Violence contre les députés : une épidémie
Quel est le point commun entre Romain Grau, Stéphane Claireaux, Pascal Bois et Isabelle Rauch ? Tous sont députés LREM, certes. Mais surtout, tous ont été récemment agressés : permanence vandalisée, domicile attaqué, véhicule privé brûlé, violence physique… Ils ne sont pas les seuls représentants de la nation à subir ce sort, tous les partis étant concernés. Les chiffres donnent le vertige. Sur la première quinzaine de janvier, ils sont vingt-huit dans ce cas. Sans compter leurs trois cents collègues qui, sur l’année 2021, ont reçu des menaces de mort.

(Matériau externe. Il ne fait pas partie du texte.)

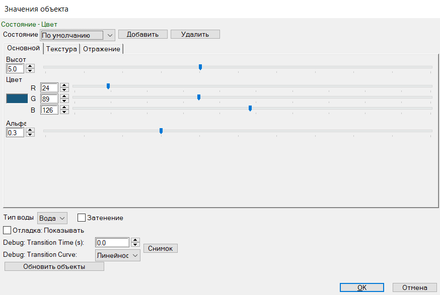 Состояние: позволяет использовать разные виды текстур, для переключения между ними, можно, как удалять, так и добавлять разные состояния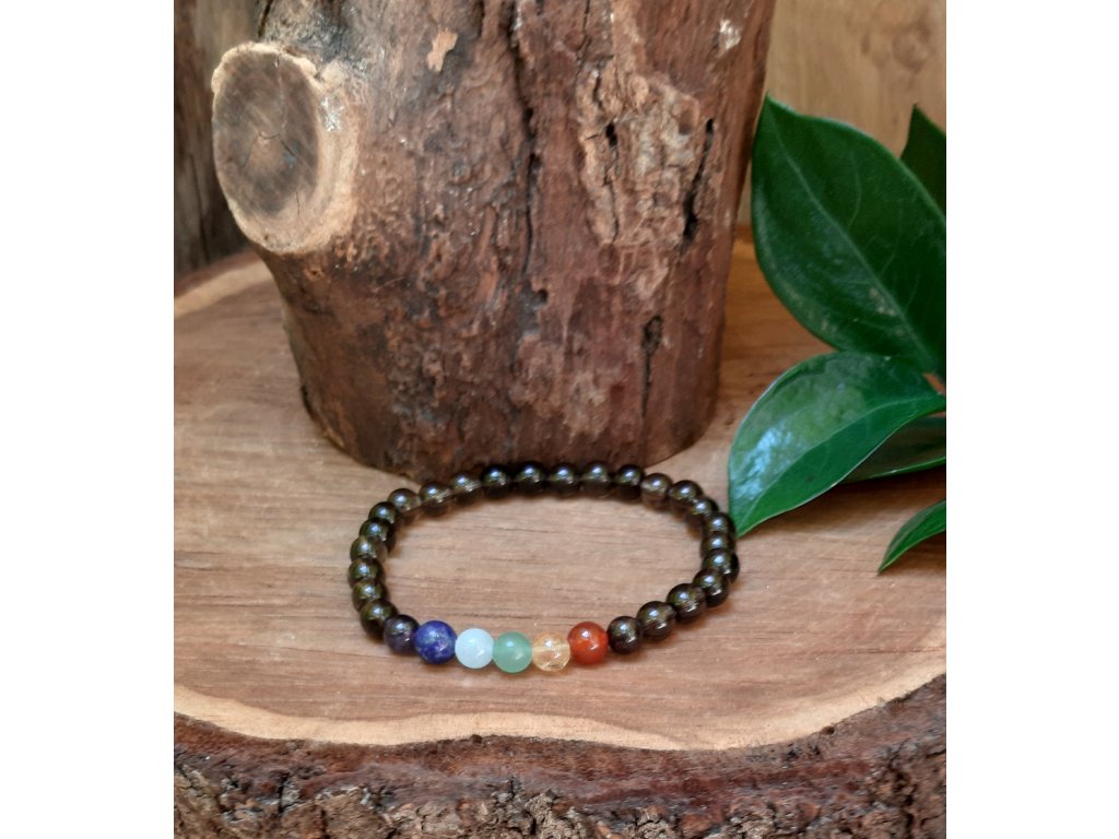 Náramek čakrový záhněda-unisex-Vel. S obvod 18 cm-kuličky 6mm

Le profil des agresseurs est bien souvent similaire puisqu’il s’agit de militants antivax ou anti pass sanitaire. Face à eux, le président de l’Assemblée nationale Richard Ferrand n’a pas de mots assez durs et a annoncé que l’institution qu’il préside se portera partie civile à chaque agression. Hélas, cette intention louable risque d’être peu dissuasive, le mal étant plus profond. Les citoyens s’en prenant à leurs élus semblent baigner dans le complotisme. Sûrs de leur bon droit, s’autopersuadant d’être des combattants de la liberté, il est peu probable qu’ils renoncent à leur sombre dessein. D’autant plus que l’exemple vient d’en haut. Et c’est bien là le cœur du problème. Pour essayer de glaner quelques voix, des dirigeants politiques ont défilé au côté des anti-vax, les parant d’une certaine légitimité. Pire encore, depuis quelques années, le langage de quelques responsables est une incitation à s’en prendre aux représentants du peuple. Éric Zemmour, qui méprise ouvertement de nombreux élus les accusant de trahison ou Jean-Luc Mélenchon qui appelle à les « dégager tous », contribuent à mettre de l’huile sur le feu et font peser un péril sur la démocratie.
À court terme, deux questions peuvent se poser : quel citoyen sensé et désintéressé sera prêt à s’engager au service du bien commun ? Quel est l’intérêt de quitter une vie professionnelle parfois confortable pour se retrouver en première ligne face à des individus dénués de morale et de scrupule ? Les agressions répétées contre les députés pourraient inciter de nombreuses personnes de qualité à ne pas se lancer dans l’arène. Au-delà d’une possible crise de recrutement, nous devrions nous pencher sur les pays où les populistes ont dénigré les élus, plus encore que dans l’Hexagone. Le bilan fait froid dans le dos. En Grande-Bretagne, les outrances des pro-Brexit ont conduit à l’assassinat de la députée Joe Cox. Aux États-Unis, le trumpisme aux abois a mené à l’attaque du Capitole. Certains membres de notre classe politique devraient cesser de flatter les plus bas instincts d’une frange de l’électorat.